Troubleshoot EKS Auto Mode - Amazon EKS
Services or capabilities described in Amazon Web Services documentation might vary by Region. To see the differences applicable to the China Regions, see Getting Started with Amazon Web Services in China (PDF).

Help improve this page

Want to contribute to this user guide? Choose the Edit this page on GitHub link that is located in the right pane of every page. Your contributions will help make our user guide better for everyone.

Troubleshoot EKS Auto Mode

With EKS Auto Mode, Amazon assumes more responsibility for EC2 Instances in your Amazon account. EKS assumes responsibility for the container runtime on nodes, the operating system on the nodes, and certain controllers. This includes a block storage controller, a load balancing controller, and a compute controller.

You must use Amazon and Kubernetes APIs to troubleshoot nodes. You can:

  • Use a Kubernetes NodeDiagnostic resource to retrieve node logs.

  • Use the Amazon EC2 CLI command get-console-output to retrieve console output from nodes.

Note

EKS Auto Mode uses EC2 managed instances.
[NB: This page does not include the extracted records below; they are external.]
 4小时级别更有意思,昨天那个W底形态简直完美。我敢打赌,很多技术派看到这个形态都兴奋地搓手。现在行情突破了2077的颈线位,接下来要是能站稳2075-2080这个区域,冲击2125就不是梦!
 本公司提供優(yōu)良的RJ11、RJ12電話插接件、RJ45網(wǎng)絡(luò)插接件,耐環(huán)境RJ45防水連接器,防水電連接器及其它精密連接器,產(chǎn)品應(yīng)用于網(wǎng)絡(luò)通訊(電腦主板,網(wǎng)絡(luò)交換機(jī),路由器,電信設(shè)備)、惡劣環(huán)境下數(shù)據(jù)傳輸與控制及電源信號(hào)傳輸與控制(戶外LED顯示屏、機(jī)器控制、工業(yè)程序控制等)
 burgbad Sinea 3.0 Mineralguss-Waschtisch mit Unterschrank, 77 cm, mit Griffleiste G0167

You cannot directly access EC2 managed instances, including by SSH.

If you have a problem with a controller, you should research:

  • If the resources associated with that controller are properly formatted and valid.

  • If the Amazon IAM and Kubernetes RBAC resources are properly configured for your cluster. For more information, see Learn about identity and access in EKS Auto Mode.

Node monitoring agent

EKS Auto Mode includes the Amazon EKS node monitoring agent. You can use this agent to view troubleshooting and debugging information about nodes. The node monitoring agent publishes Kubernetes events and node conditions. For more information, see Enable node auto repair and investigate node health issues.
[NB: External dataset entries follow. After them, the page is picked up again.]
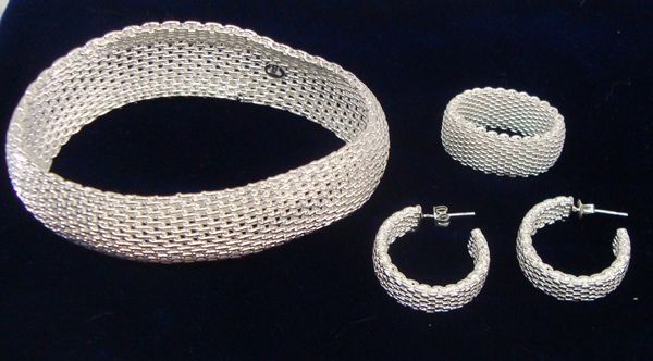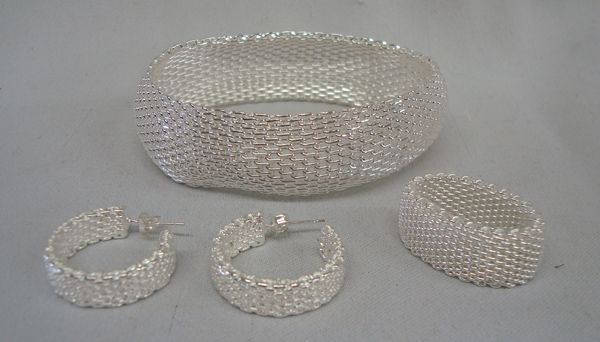 Silver Mesh Jewelry Set, Earrings, Ring, Bracelet. Sterling Mesh Bracelet approx 8'', is a slip on. Ring is size 9; Pierced earrings are 1''H x .25''W. Lovely and ready for the party.
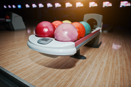 Bowling ball in bowling alley, closeup of photo with shallow depth of field
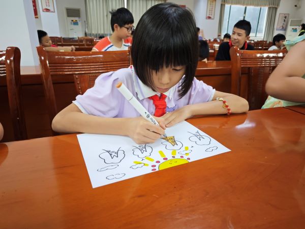 在結束環保宣傳手冊的學習后,隊員們向在座的60位小朋友發起繪畫邀請,并一一分發繪畫工具與紙張。隊員們鼓勵著小朋友們用畫筆描繪自己心目中的綠色家園。小朋友們借著五彩斑斕的畫筆激情發揮,讓自己的想象力騰躍于一張張畫紙上:是春天隨風搖曳的柳樹、是夏日艷陽下綠油油的小山、是草坪上可愛迷人的小花貓。一幅幅對大自然充滿愛意的畫作儼然化作一道彩虹橋,托起了共建綠色家園的新希望。
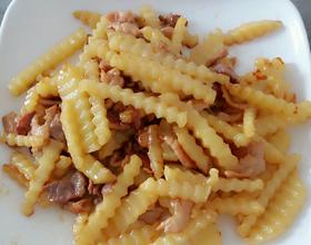 - 6. 炒到七成熟撇到锅一边。把土豆放进去
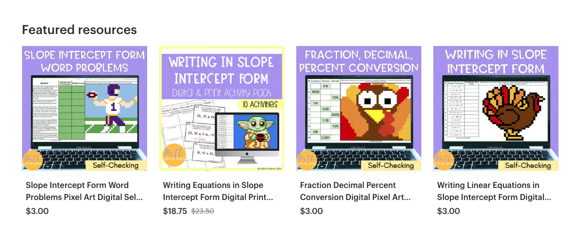 Your Featured section tells buyers who you are as a seller. Are you organized? Seasonal? Aligned with what they’re teaching? Highlighting well-designed resources shows your professionalism before they ever open a listing.
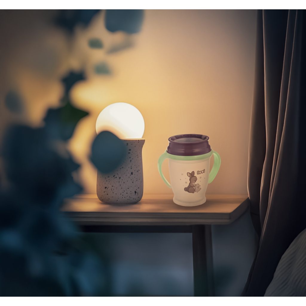 Naučit se pít jako dospělí. Hrneček 360° NIGHT&DAY je ideální pro děti, které jsou připraveny pít samy. Díky svému inovativnímu těsnění umožňuje nasávání tekutiny odkudkoli kolem okraje. Dítě si tak zvykne na přirozený, dospělý způsob pití, například jako z otevřeného hrnečku a ze sklenice, ale bez rozlití.

Get console output from an EC2 managed instance by using the Amazon EC2 CLI

This procedure helps with troubleshooting boot-time or kernel-level issues.
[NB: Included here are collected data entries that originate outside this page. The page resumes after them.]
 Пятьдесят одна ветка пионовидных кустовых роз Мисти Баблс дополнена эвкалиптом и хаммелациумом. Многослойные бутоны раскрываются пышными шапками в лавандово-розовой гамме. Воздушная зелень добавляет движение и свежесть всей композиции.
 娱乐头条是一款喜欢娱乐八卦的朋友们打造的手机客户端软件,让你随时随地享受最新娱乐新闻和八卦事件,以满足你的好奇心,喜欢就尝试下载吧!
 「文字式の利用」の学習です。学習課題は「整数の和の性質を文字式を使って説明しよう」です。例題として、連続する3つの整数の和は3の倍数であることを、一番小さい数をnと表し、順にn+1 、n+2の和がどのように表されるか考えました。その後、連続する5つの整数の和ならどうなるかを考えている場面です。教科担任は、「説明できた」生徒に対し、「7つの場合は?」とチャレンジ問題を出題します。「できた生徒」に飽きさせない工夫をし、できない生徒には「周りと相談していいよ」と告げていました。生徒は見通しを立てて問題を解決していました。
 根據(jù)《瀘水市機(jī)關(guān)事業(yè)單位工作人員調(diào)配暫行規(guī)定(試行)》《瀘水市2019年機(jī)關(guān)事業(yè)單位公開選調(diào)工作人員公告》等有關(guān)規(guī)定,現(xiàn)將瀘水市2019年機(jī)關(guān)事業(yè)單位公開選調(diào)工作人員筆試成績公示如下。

First, you need to determine the EC2 Instance ID of the instance associated with your workload. Second, use the Amazon CLI to retrieve the console output.

  1. Confirm you have kubectl installed and connected to your cluster

  2. (Optional) Use the name of a Kubernetes Deployment to list the associated pods.

    kubectl get pods -l app=<deployment-name>
  3. Use the name of the Kubernetes Pod to determine the EC2 instance ID of the associated node.

    kubectl get pod <pod-name> -o wide
  4. Use the EC2 instance ID to retrieve the console output.

    aws ec2 get-console-output --instance-id <instance id> --latest --output text

Get node logs by using the kubectl CLI

For information about getting node logs, see Retrieve node logs for a managed node using kubectl and S3.

View resources associated with EKS Auto Mode in the Amazon Console

You can use the Amazon console to view the status of resources associated with your EKS Auto Mode cluster.

  • EBS Volumes

    • View EKS Auto Mode volumes by searching for the tag key eks:eks-cluster-name

  • Load Balancers

    • View EKS Auto Mode load balancers by searching for the tag key eks:eks-cluster-name

  • EC2 Instances

    • View EKS Auto Mode instances by searching for the tag key eks:eks-cluster-name

View IAM Errors in your Amazon account

  1. Navigate to CloudTrail console

  2. Select "Event History" from the left navigation pane

  3. Apply error code filters:

    • AccessDenied

    • UnauthorizedOperation

    • InvalidClientTokenId

Look for errors related to your EKS cluster. Use the error messages to update your EKS access entries, Cluster IAM Role, or Node IAM Role. You may need to attach a new policy to these roles with permissions for EKS Auto Mode.

Pod failing to schedule onto Auto Mode node

If pods are not being scheduled onto an auto mode node, verify if your pod/deployment manifest has a nodeSelector. If a nodeSelector is present, please ensure it is using eks.amazonaws.com/compute-type: auto to allow it to be scheduled. See Control if a workload is deployed on EKS Auto Mode nodes.

Node not joining cluster

Run kubectl get nodeclaim to check for nodeclaims that are Ready = False.

Proceed to run kubectl describe nodeclaim <node_claim> and look under Status to find any issues preventing the node from joining the cluster.

Common error messages:

  • "Error getting launch template configs"

  • "Error creating fleet"

    • There may be some authorization issue with calling the RunInstances API call. Check CloudTrail for errors and see Amazon EKS Auto Mode cluster IAM role for the required IAM permissions.